Je m'exprime à titre personnel.
Nous débattons d'une motion référendaire sur un sujet qui nous rassemblait tous jusqu'à présent : la décentralisation, les territoires, la France et les Français. Allons-nous dans la bonne direction ? Je ne trouve pas, dans le projet qui nous est proposé, de vision politique globale, lisible, claire. Il n'écrit pas en préambule ce que nous allons faire de la France, dont la République est décentralisée, objet de notre travail de l'automne dernier. Contrairement à d'autres textes, il ne rassemble pas la majorité des groupes politiques du Sénat, sur un sujet d'essence sénatoriale. Selon certains, aucune importance si le Sénat, chambre des territoires, n'est pas d'accord, puisque l'Assemblée nationale aura le dernier mot : c'est difficile à entendre ici, tout de même !
Derrière ce texte se profilent d'autres projets Gouvernementaux, dont l'un nous a été adressé, qui soulève la question des territoires, des communes et des communautés de communes, lesquelles viennent d'être réformées, des départements, jugés indispensables il y a quelques mois et qui doivent à présent disparaître.
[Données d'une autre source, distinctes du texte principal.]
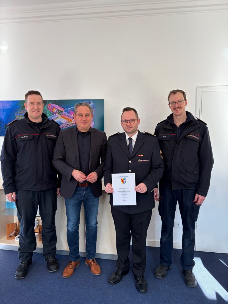 Der Schopfheimer Gesamtkommandant Steffen Hofmann wurde vor einiger Zeit zum dritten stellvertretenden Kreisbrandmeister des Landkreises Lörrach ernannt. Nun wurde er im Rathaus von Schopfheim im beisein der beiden hauptamtlichen Kameraden Thomas Lenz und Jan Staib von Bürgermeister Dirk Harscher zum Stadtbrandamtsrat befördert. Herzlichen Glückwunsch.
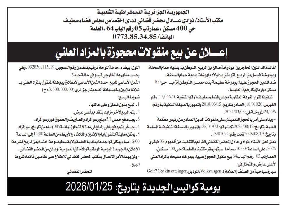 Il sera procédé à la vente au plus offrant et dernier enchérisseur le :
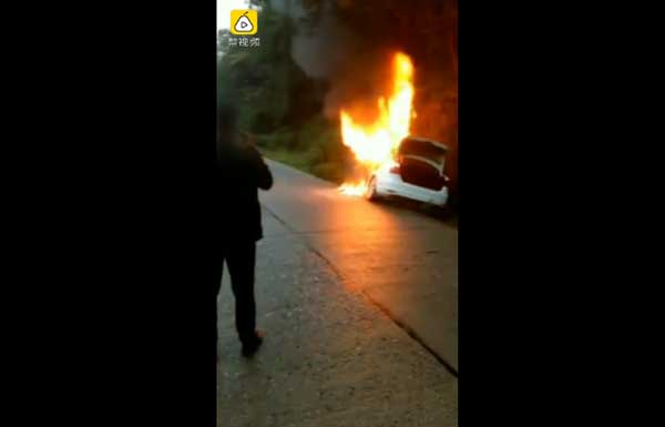 实拍湖南一小车突发起火路人提水救援车内3人均遇难现场视频

Nous étudions ce texte dans des conditions assurément spéciales, dans des délais tellement courts qu'il n'est pas possible d'écrire, non pas un contre-projet, mais un projet meilleur. On ne peut pas dessiner la France des nouvelles régions en quelques heures, sur un coin de table. Il ne s'agit pas de mettre tout le monde d'accord, mais de faire converger les positions et cela exige un travail préalable cohérent. J'ajoute que ce projet n'atteindra pas les objectifs économiques qui sont les seuls affichés. La juxtaposition de régimes indemnitaires différents dans une même région n'est pas envisageable : comment justifier de diminuer les indemnités de certains personnels au motif qu'ils proviennent de telle ou telle collectivité ? Il y aura donc des dépenses supplémentaires, tout le monde le sait.
Un projet doit être économique, avant d'être comptable, même si nous devons exercer une vigilance plus que particulière sur les comptes publics. Dans le contexte de baisse des dotations que je comprends et accepte même, en mon for intérieur, car personne ne peut s'exonérer de l'effort de redressement du pays, comment ne pas comprendre que l'incertitude ainsi créée sur l'avenir des collectivités conduira à une chute abyssale des investissements publics et à des arbitrages erratiques ? Je suis très inquiet.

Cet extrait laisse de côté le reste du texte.